Inexpensive Gigabit Ethernet switches and network interface cards are flooding the market as vendors race to put 1000Base-T products in their portfolio.

Copper-based Gigabit Ethernet began shipping en masse last year. Since then, prices have dropped steadily as vendors -- even market newbies such as Dell Computer -- have raced to put 1000Base-T products in their portfolio.

Several equipment makers have announced wares that offer low prices for Gigabit Ethernet connections along with additional management and switching functions.

Companies are increasingly using Gigabit to upgrade their LAN and this has helped keep the market strong, according to analysts.

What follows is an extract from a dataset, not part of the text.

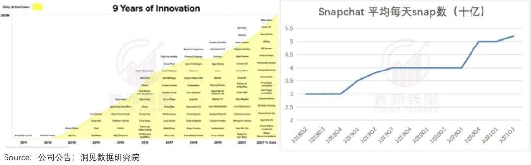 综合上述的转变和布局,Snap从单纯的社交工具,实现内容平台印记的加深。而这种变化,反馈在数据上就是:

Cahners In-Stat Group reports 1000Base-T component sales grew 25 per cent quarter-on-quarter in 2001 while the overall Ethernet LAN switch market averaged around 3 per cent growth per quarter. Market leaders in terms of 1000Base-T switch shipments were Cisco with 47 per cent, followed by 3Com with 17 per cent and Hewlett-Packard with 11 per cent of the market.

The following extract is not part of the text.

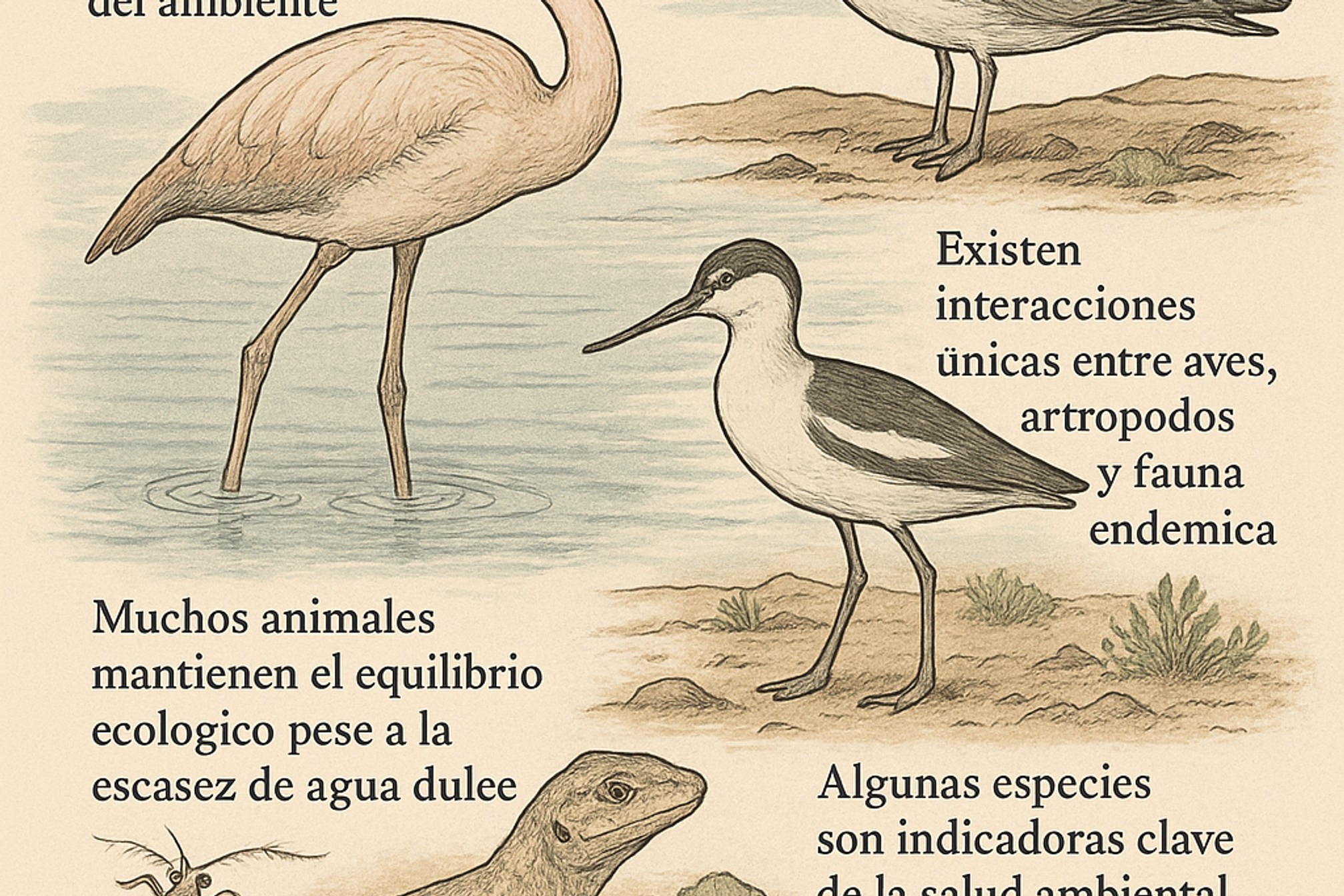 - Algunas especies son indicadoras clave de la salud ambiental del salar.

"No one wants to replace [cabling] because it is so expensive," said Lauri Vickers, a Cahners In-Stat analyst. "Companies that may have had bottlenecks in the wiring closet but didn't have the budget to run in-wall fibre cabling are looking at copper Gigabit to solve those problems." Besides savings on cabling costs, Vickers said, the 1000Base-T equipment itself averages around one-third the cost per port of single-mode, fibre-optic cable.

The price of Gigabit Ethernet products the past few years has fallen dramatically. Research from IDC shows that the average price for a fixed-configured Gigabit Ethernet switch port has dropped from about $US800 per port when the technology was introduced in 1998, to $219 per connection this year. Likewise, Gigabit NICs have also come down in price from an average of $500 in 1999, to the $200 range today (roughly three times the price of 10/100Mbps Ethernet cards).

While inexpensive Gigabit NICs might seem to signal an imminent explosion of 1Gbps desktops, Vickers has more reserved predictions.

"[Vendors] are pushing Gigabit to the desktop, but we are still a ways away from that," Vickers said. "The economic slowdown has pushed off a lot of desktop purchases [in companies], and there still isn't a real killer app for it."